ACTIVITY.
Exactly the lines below starting at the line with "Siyah Metal düğmeli" and ending at the line with "CE covers UV" are wanted, with both ends included. Leave out the pictures and add no other lines.

RECORD EXTRACTS.

■ ■ ■

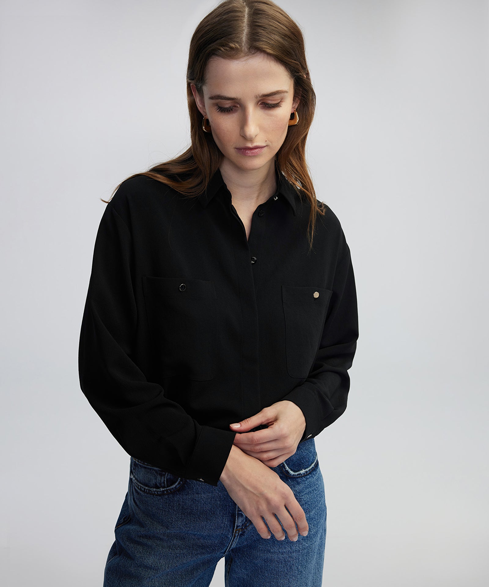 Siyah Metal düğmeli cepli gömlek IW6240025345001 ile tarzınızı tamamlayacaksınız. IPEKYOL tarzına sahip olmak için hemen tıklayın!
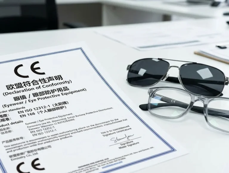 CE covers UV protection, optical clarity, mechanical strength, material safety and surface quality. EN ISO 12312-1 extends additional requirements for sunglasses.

■ ■ ■

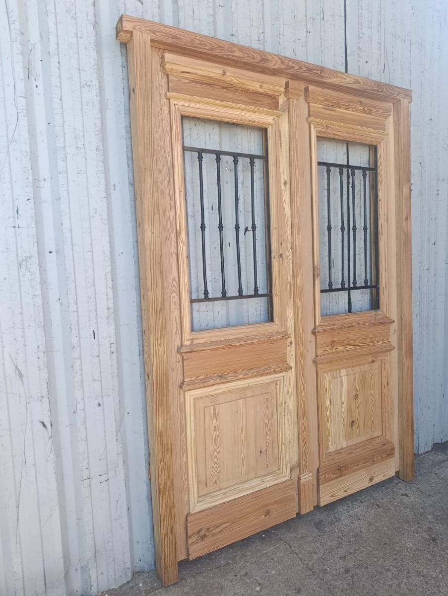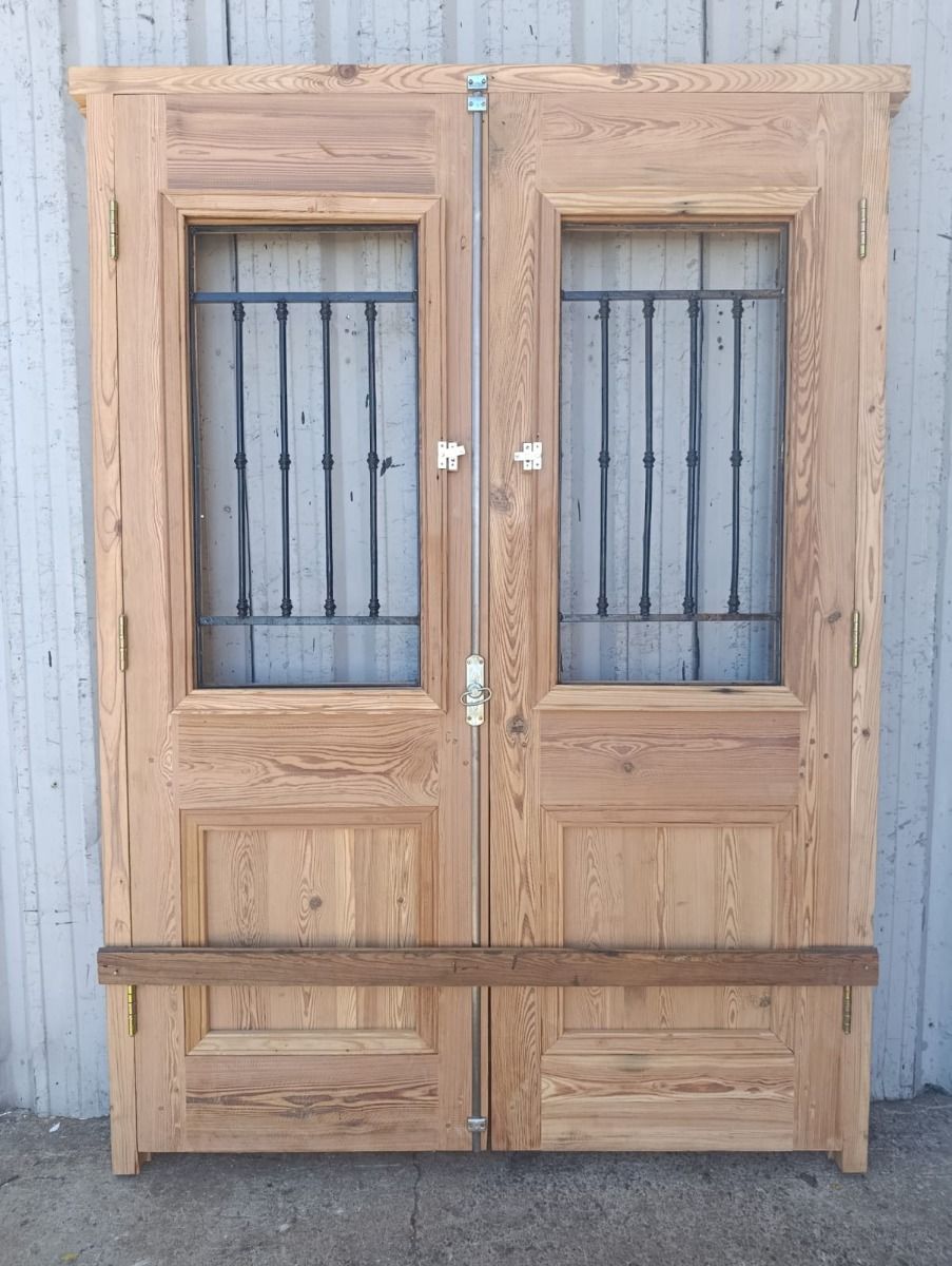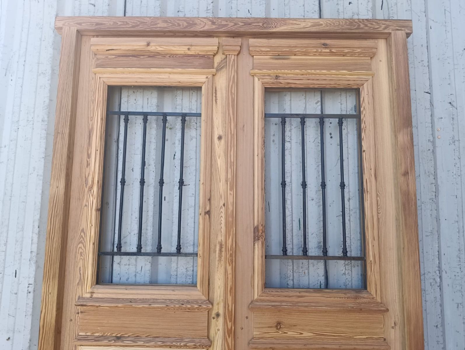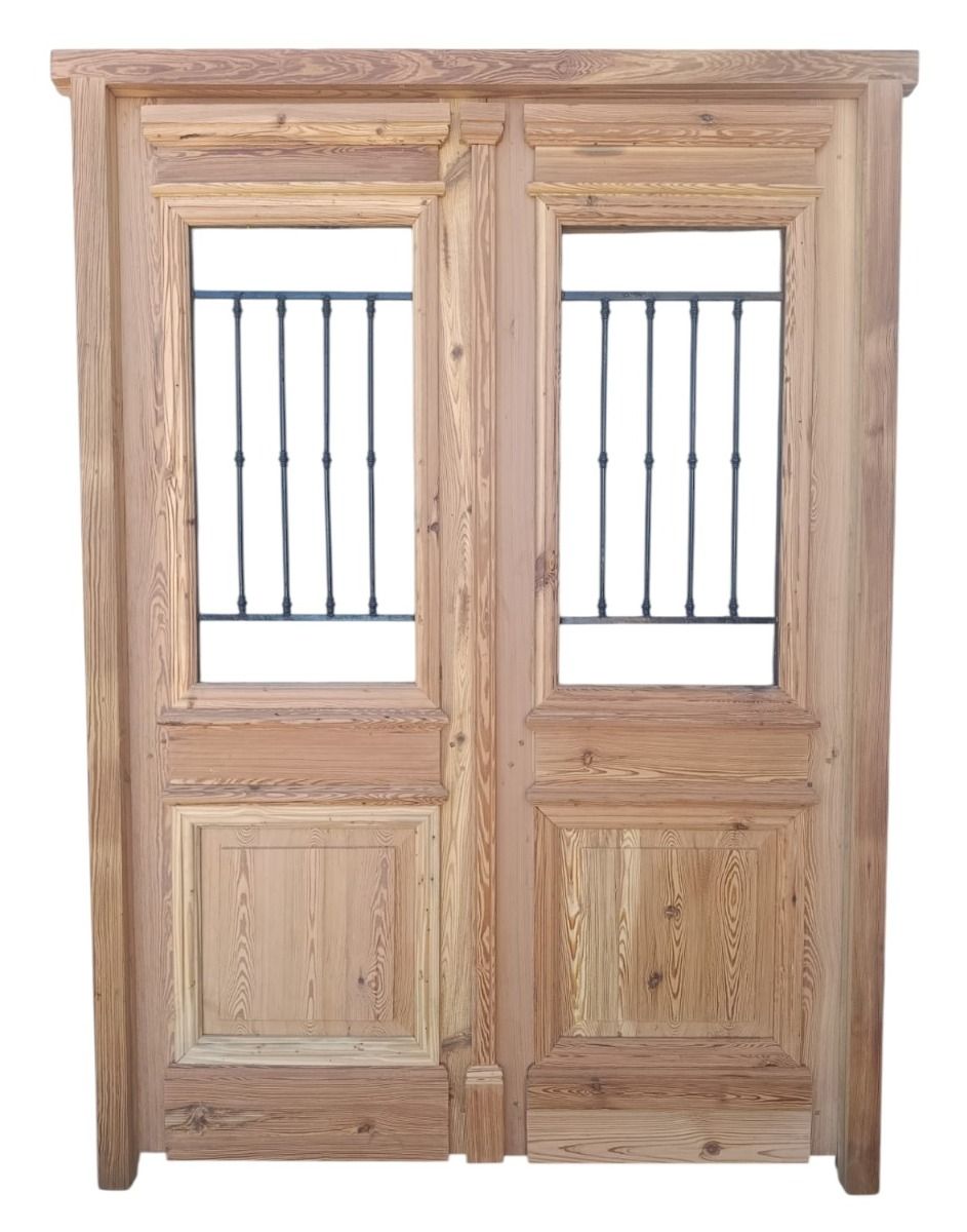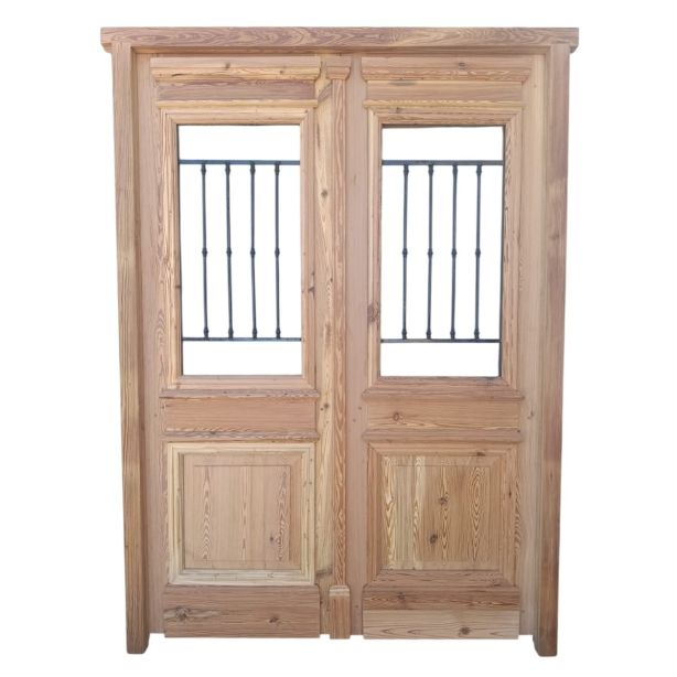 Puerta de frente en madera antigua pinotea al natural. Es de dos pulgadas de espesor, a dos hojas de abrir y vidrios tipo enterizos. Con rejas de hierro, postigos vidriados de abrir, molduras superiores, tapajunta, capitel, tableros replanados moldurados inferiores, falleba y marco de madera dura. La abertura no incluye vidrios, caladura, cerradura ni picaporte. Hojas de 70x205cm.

■ ■ ■

COMPLETED TASK.
 Siyah Metal düğmeli cepli gömlek IW6240025345001 ile tarzınızı tamamlayacaksınız. IPEKYOL tarzına sahip olmak için hemen tıklayın!
 CE covers UV protection, optical clarity, mechanical strength, material safety and surface quality. EN ISO 12312-1 extends additional requirements for sunglasses.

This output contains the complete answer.